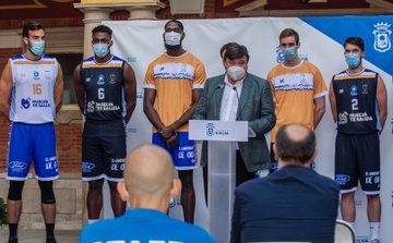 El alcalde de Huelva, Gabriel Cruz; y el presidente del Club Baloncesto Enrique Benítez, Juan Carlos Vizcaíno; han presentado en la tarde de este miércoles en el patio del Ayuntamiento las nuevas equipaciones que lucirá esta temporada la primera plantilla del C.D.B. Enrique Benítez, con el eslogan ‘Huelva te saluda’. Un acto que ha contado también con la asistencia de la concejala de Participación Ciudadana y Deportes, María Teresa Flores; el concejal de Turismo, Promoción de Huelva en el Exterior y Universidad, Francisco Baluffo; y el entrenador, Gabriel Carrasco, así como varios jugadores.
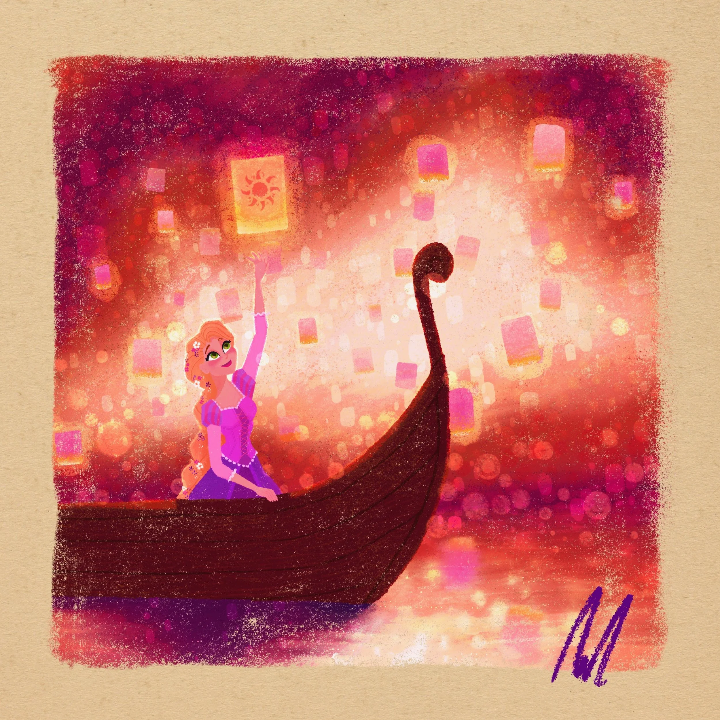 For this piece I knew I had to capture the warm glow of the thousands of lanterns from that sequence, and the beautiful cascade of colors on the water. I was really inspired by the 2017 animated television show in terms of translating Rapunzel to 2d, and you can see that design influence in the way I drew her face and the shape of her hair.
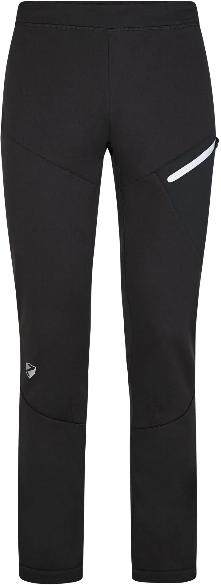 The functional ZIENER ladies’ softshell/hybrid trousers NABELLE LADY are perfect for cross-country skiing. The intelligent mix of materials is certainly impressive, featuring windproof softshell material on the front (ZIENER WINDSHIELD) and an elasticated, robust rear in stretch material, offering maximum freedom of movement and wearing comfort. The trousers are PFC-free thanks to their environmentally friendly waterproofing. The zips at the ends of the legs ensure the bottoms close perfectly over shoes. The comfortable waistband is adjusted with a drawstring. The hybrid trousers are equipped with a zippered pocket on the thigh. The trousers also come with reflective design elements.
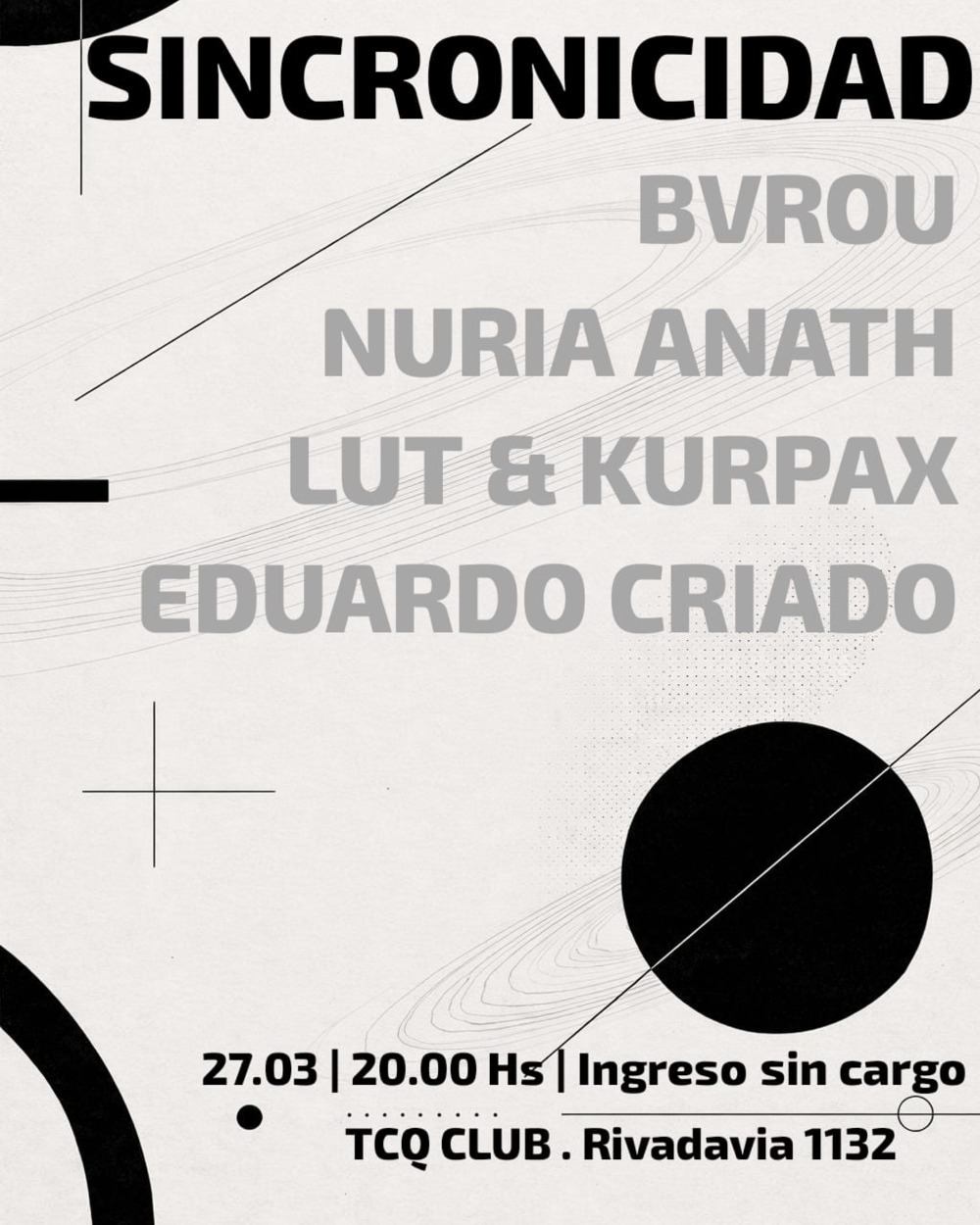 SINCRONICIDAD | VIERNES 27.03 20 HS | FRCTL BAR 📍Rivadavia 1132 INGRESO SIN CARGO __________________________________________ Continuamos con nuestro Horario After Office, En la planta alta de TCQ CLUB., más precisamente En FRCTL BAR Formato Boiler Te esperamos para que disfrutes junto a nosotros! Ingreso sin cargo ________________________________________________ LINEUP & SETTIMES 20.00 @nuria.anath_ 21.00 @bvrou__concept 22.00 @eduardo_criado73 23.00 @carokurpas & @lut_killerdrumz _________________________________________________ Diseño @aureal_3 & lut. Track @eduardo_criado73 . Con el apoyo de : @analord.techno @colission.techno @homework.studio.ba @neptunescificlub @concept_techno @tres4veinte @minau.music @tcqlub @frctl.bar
==
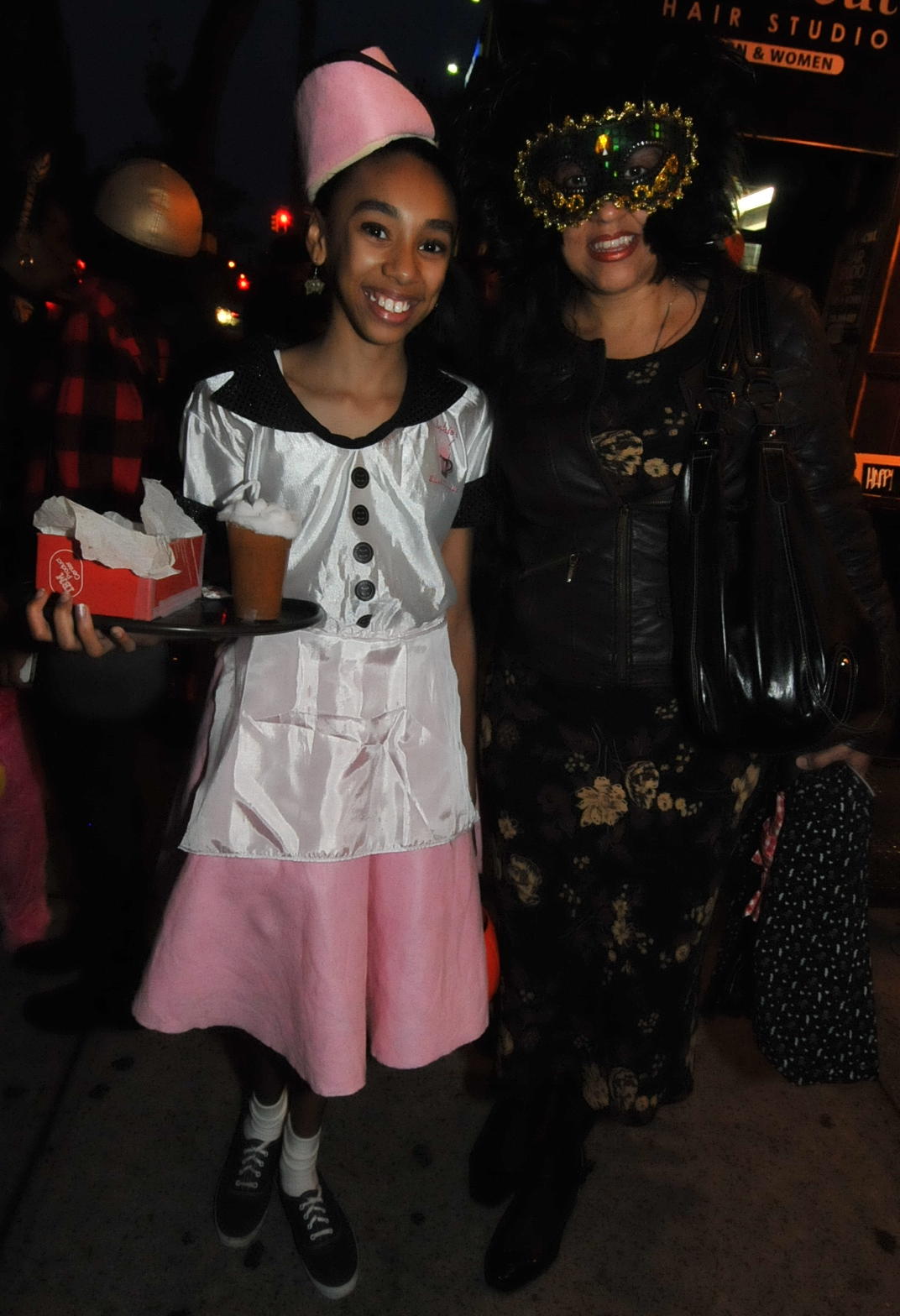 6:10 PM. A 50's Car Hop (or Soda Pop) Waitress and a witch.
...
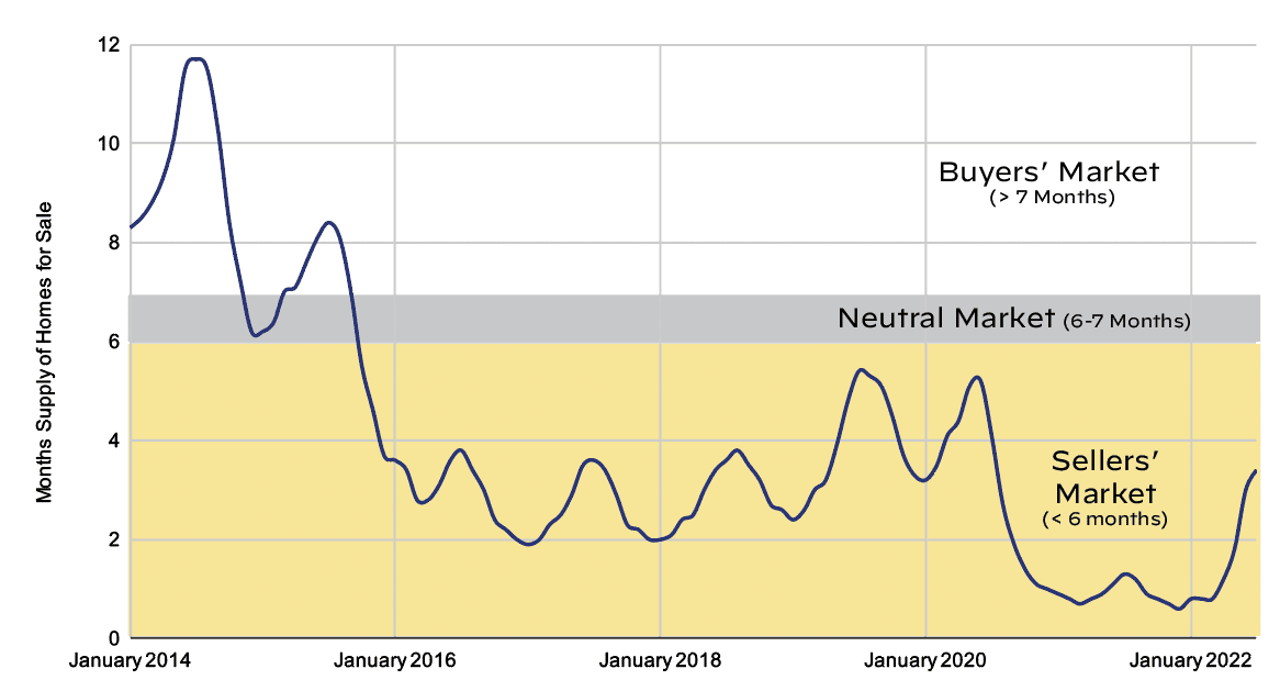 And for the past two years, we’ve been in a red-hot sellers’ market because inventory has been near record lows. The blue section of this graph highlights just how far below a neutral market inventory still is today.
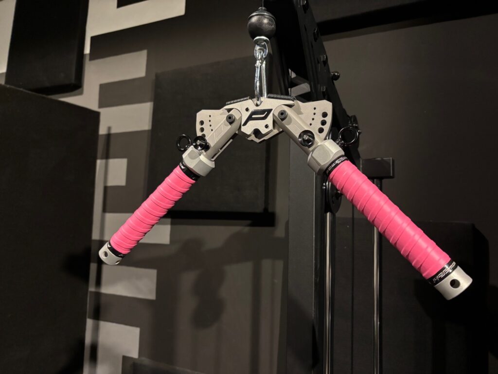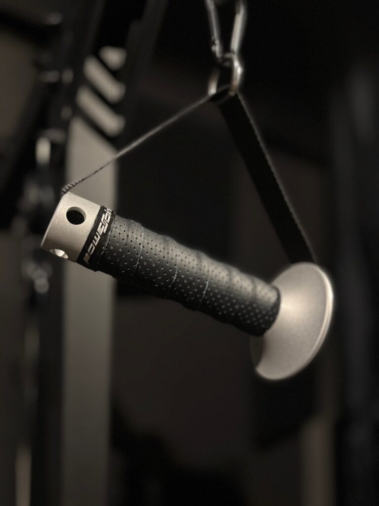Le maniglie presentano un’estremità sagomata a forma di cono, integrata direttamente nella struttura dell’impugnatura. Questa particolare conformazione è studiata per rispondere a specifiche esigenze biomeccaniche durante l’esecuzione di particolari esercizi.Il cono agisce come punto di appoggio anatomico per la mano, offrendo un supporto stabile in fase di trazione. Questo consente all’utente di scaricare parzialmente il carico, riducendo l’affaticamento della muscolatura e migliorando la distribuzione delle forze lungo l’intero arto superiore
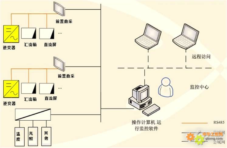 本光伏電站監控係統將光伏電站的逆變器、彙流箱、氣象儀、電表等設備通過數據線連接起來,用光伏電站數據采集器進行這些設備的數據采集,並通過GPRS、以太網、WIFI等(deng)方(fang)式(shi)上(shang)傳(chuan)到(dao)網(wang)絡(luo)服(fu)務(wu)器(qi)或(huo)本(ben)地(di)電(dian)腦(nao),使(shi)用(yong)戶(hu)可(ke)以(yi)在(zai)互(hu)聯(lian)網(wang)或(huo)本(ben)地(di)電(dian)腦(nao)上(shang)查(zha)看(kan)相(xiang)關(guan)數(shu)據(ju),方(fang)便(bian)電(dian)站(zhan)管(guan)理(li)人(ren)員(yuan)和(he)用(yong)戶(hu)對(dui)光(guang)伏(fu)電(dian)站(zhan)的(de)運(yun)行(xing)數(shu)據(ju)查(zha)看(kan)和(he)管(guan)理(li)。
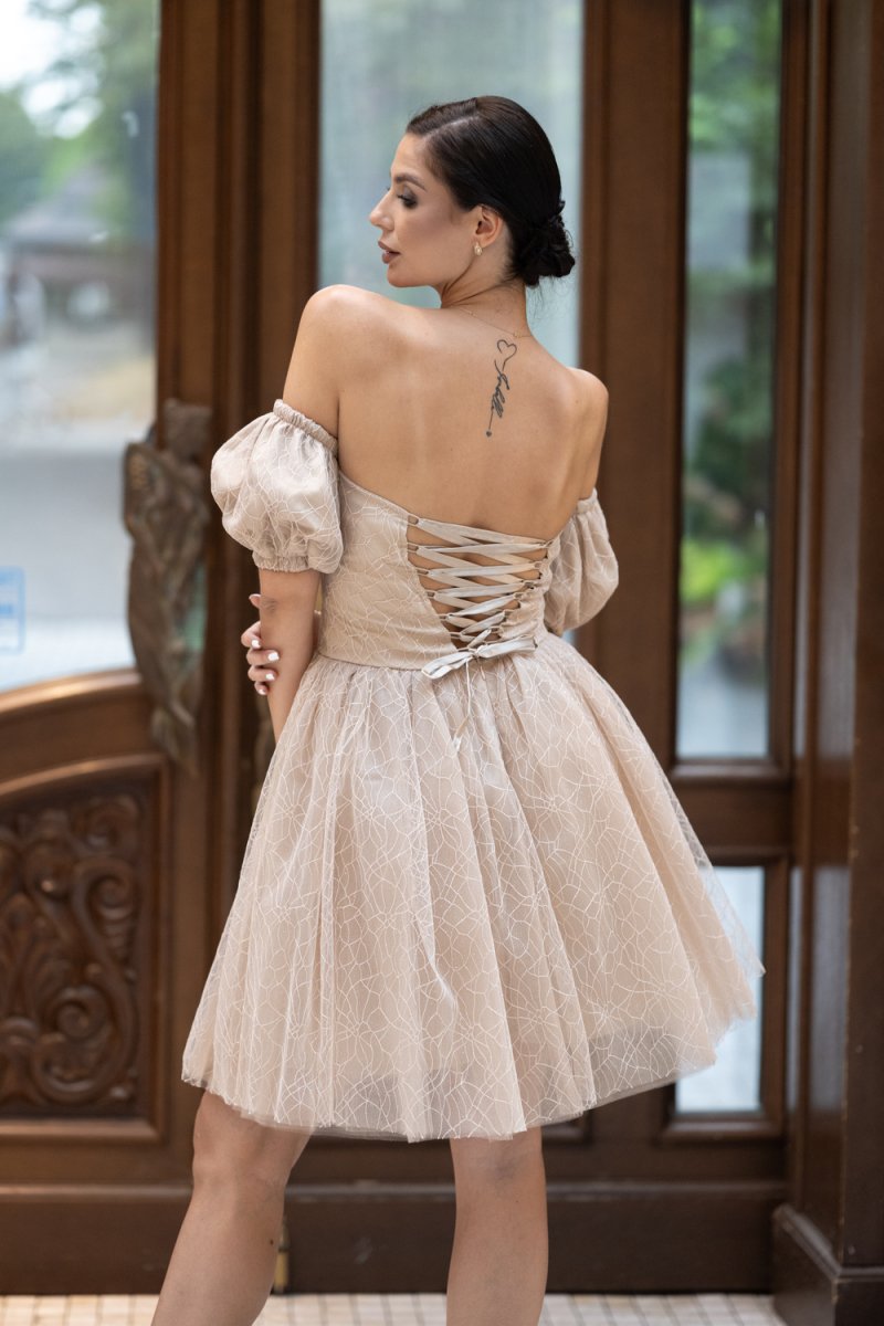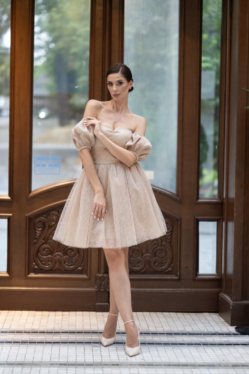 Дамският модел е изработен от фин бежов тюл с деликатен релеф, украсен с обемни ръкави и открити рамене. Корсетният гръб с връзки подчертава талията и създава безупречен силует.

Required work: Although the records hold pictures, the copy must not; give again exactly the lines from the one with "El alcalde de" through the one with "For this piece".

Answer area:
 El alcalde de Huelva, Gabriel Cruz; y el presidente del Club Baloncesto Enrique Benítez, Juan Carlos Vizcaíno; han presentado en la tarde de este miércoles en el patio del Ayuntamiento las nuevas equipaciones que lucirá esta temporada la primera plantilla del C.D.B. Enrique Benítez, con el eslogan ‘Huelva te saluda’. Un acto que ha contado también con la asistencia de la concejala de Participación Ciudadana y Deportes, María Teresa Flores; el concejal de Turismo, Promoción de Huelva en el Exterior y Universidad, Francisco Baluffo; y el entrenador, Gabriel Carrasco, así como varios jugadores.
 For this piece I knew I had to capture the warm glow of the thousands of lanterns from that sequence, and the beautiful cascade of colors on the water. I was really inspired by the 2017 animated television show in terms of translating Rapunzel to 2d, and you can see that design influence in the way I drew her face and the shape of her hair.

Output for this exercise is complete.